Write the listing out again word for word, skipping each picture.

▸ **Data excerpt**
◇ ◇ ◇

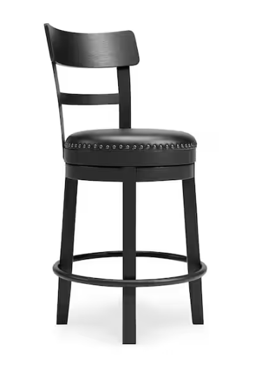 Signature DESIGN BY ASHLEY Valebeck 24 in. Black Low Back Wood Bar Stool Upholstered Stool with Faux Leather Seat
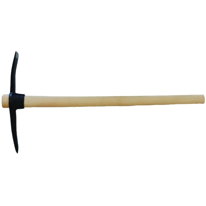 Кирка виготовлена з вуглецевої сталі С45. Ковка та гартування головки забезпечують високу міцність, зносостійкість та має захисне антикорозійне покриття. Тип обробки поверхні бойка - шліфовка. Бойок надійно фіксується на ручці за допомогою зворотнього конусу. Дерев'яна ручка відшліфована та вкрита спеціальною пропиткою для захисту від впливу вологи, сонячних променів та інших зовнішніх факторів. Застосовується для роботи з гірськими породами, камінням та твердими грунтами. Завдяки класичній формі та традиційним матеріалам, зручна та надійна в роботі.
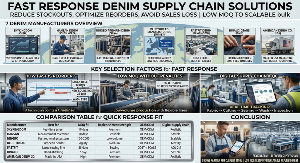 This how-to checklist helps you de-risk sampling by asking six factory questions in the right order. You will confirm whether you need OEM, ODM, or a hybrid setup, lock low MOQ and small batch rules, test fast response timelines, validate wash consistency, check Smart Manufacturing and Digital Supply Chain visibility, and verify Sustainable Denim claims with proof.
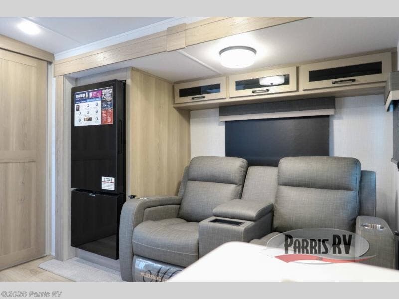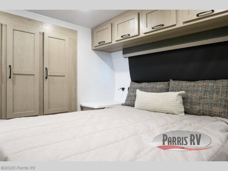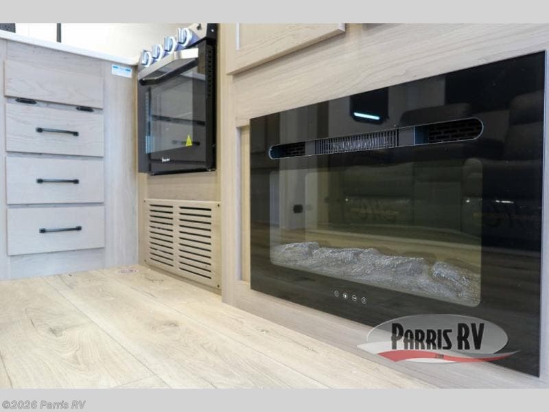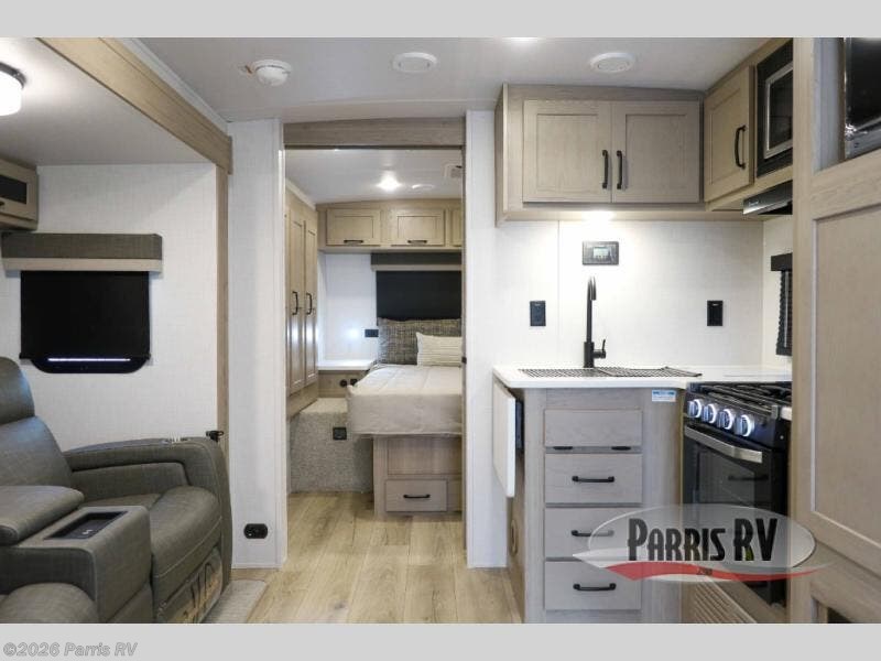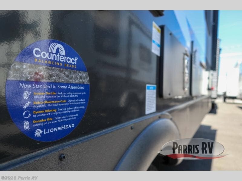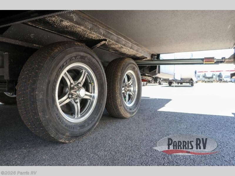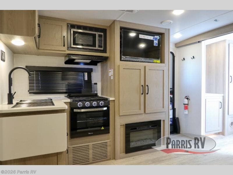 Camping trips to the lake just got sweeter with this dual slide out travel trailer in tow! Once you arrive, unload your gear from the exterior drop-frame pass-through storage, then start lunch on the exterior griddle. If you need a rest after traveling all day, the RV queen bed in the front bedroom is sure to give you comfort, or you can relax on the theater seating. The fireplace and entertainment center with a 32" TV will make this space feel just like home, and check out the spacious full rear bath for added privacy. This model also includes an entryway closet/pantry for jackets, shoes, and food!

◇ ◇ ◇

▸ **Answer section**
 Signature DESIGN BY ASHLEY Valebeck 24 in. Black Low Back Wood Bar Stool Upholstered Stool with Faux Leather Seat
 Кирка виготовлена з вуглецевої сталі С45. Ковка та гартування головки забезпечують високу міцність, зносостійкість та має захисне антикорозійне покриття. Тип обробки поверхні бойка - шліфовка. Бойок надійно фіксується на ручці за допомогою зворотнього конусу. Дерев'яна ручка відшліфована та вкрита спеціальною пропиткою для захисту від впливу вологи, сонячних променів та інших зовнішніх факторів. Застосовується для роботи з гірськими породами, камінням та твердими грунтами. Завдяки класичній формі та традиційним матеріалам, зручна та надійна в роботі.
 This how-to checklist helps you de-risk sampling by asking six factory questions in the right order. You will confirm whether you need OEM, ODM, or a hybrid setup, lock low MOQ and small batch rules, test fast response timelines, validate wash consistency, check Smart Manufacturing and Digital Supply Chain visibility, and verify Sustainable Denim claims with proof.
 Camping trips to the lake just got sweeter with this dual slide out travel trailer in tow! Once you arrive, unload your gear from the exterior drop-frame pass-through storage, then start lunch on the exterior griddle. If you need a rest after traveling all day, the RV queen bed in the front bedroom is sure to give you comfort, or you can relax on the theater seating. The fireplace and entertainment center with a 32" TV will make this space feel just like home, and check out the spacious full rear bath for added privacy. This model also includes an entryway closet/pantry for jackets, shoes, and food!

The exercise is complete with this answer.